"ONBİNLERİN RİCATI" adlı eserin yazarı KSENOPHON, M.Ö. 430 yılında doğmuş, ünlü feylezof SOKRAT'ın öğrencisi olmuştur. Zamanında önemli olaylar cereyan etmiştir.
M.Ö. 404 yılında Pelopones Savaşı sona ermiş, Isparta'ya yenilen Atina, kötü şartlarla bir barış imzalamıştı. Üç yıl sonra İran kralı Artakserkses'in kardeşi genç Kyros, tahtı ele geçirmek için Ispartalı kuvvetler ve paralı askerler ile harekete geçmişti.
Aslında bu olayın bir öncesi vardı. İRAN kralı 2. DARA'nın iki oğlu (bir rivayete göre dört) olmuştu.

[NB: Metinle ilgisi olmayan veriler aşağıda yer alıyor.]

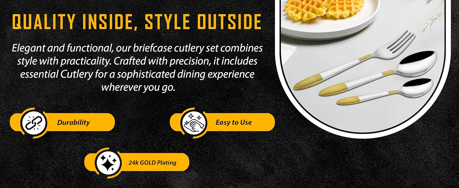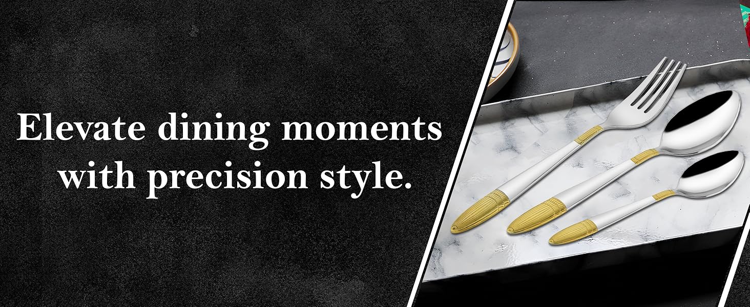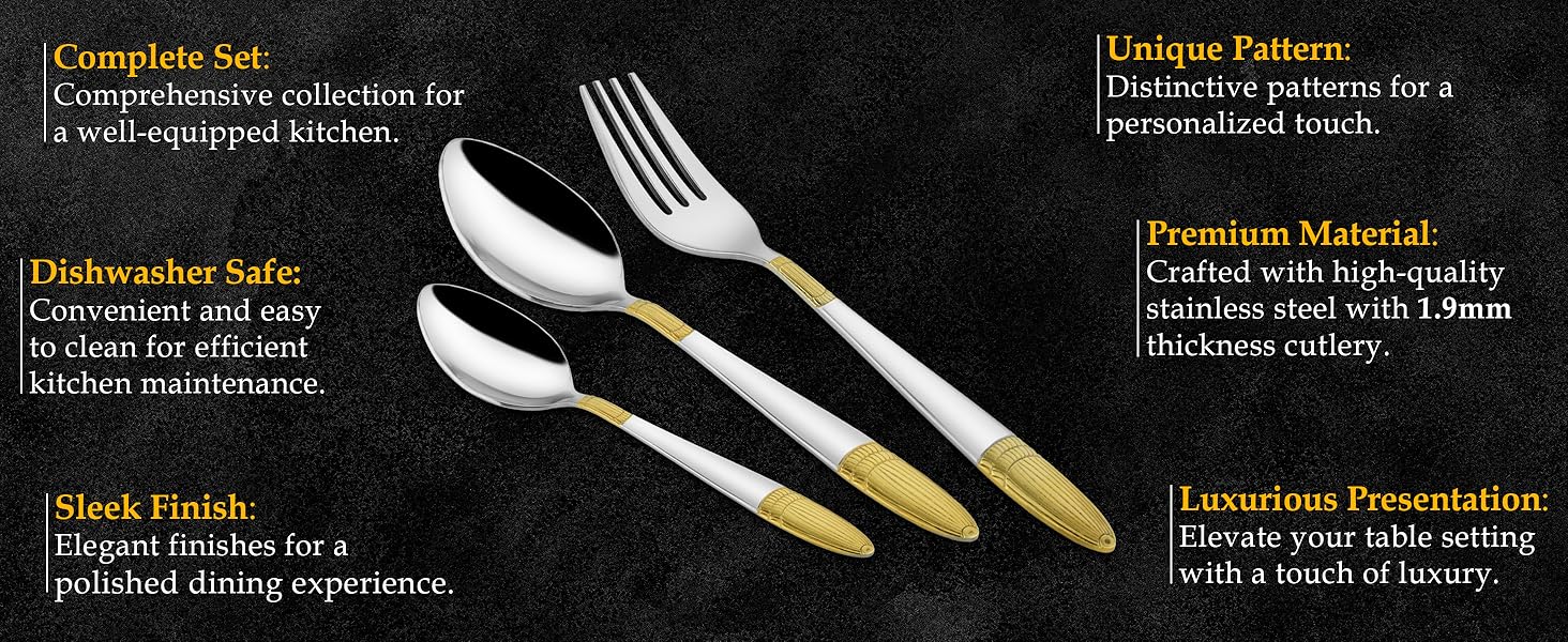 Elevate your dining experience with this 18-piece stainless steel golden cutlery set, elegantly presented in an ivory-designed gift box. Crafted from durable stainless steel with a luxurious golden finish, each piece combines style with lasting functionality. Perfect for formal occasions or as a refined gift, this set enhances table settings while ensuring ease of use and maintenance. Its balanced design offers comfort and precision for every meal.

Büyüğü ARTEKSERKSES, küçüğü KYROS idi... DARA her ikisini de iyi yetiştirmiş, çocuklar ata binmeyi, ok ve mızrak atmayı, avlanmayı öğrenmişlerdi. Sonra da satrap (vali) olarak İran eyaletlerine gönderilmişlerdi. KYROS; LİDYA, FRİGYA ve KAPADOKYA'ya vali tayin edilmişti... DARA ölünce, büyük oğlu ARTEKSERKSES tahta çıktı, ve çevresine uyarak kardeşi KYROS'u tutuklattı. Ancak annesi PARYSATİS'in ısrarı üzerine bağışladı ve batıdaki eski satraplığına tekrar atadı... Ne var ki, bu olaydan çok etkilenen KYROS, daha dönüş yoluna çıkar çıkmaz tahtı ağabeyinin elinden almak için planlar yapmaya başladı, ilk fırsatta ordu toplayıp harekete geçti.

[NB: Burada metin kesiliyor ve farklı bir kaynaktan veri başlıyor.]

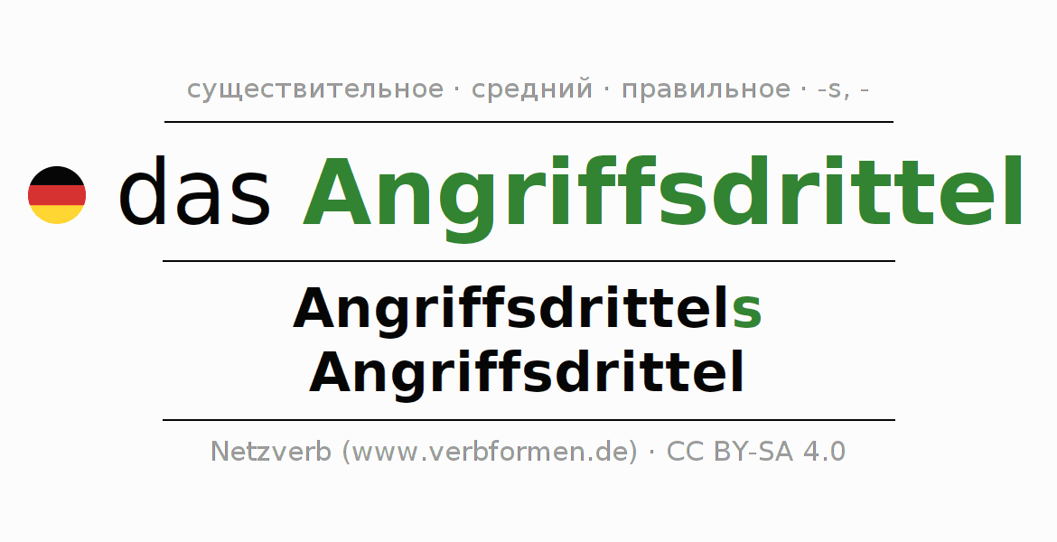Склонение существительного Angriffsdrittel (атакующая зона, нападение) даётся в родительном падеже единственного числаAngriffsdrittels и в именительном падеже множественного числа Angriffsdrittel. Существительное Angriffsdrittel склоняется по сильному типу, получая окончания s/-. Грамматический род Angriffsdrittel средний с определённым артиклем "das" Здесь можно просклонять не только Angriffsdrittel, но и все немецкие существительные. Kомментарии ☆

İşte KSENOPHON, prens KYROS'un bu seferine katıldı, Batıda SARDES (Manisa) şehrinden yola çıkan bu ordu, Güney Mezopotamya'da KUNAKSA şehrine kadar gidip Kral ARTEKSERKSES ile çarpıştı. Prens KYROS öldü, ama Yunan ordusu, KSENOPHON'un iddiasına göre, galip geldi. Ondan sonra meşakkatli dönüş yolculuğu başladı...
Eser bu gidiş-dönüş yolculuğunu (M.Ö. 401-400) anlatır, çoğu "dönüş" kısmı ile ilgilidir. Eserin orjinal adı ANABASİS'dir. Yüzyıllardır okunan, o çağın çeşitli KÜÇÜK ASYA (ANADOLU) ülkesini, halklarını ve törelerini anlattığı için de klasikleşmiştir.
KSENOPHON'un bu dönüş yolculuğu sırasında rastladıkları KARDUKH kavmi ve ülkesi hakkında yazdıkları, kelime benzerliği ileri sürülerek KARDUK-Kürt bağlantısı kurulmuş, ve bölücüler tarafından "Kürtler'in o bölgede TÜRKLER'den çok önce var olduğu" öne sürülmüştür.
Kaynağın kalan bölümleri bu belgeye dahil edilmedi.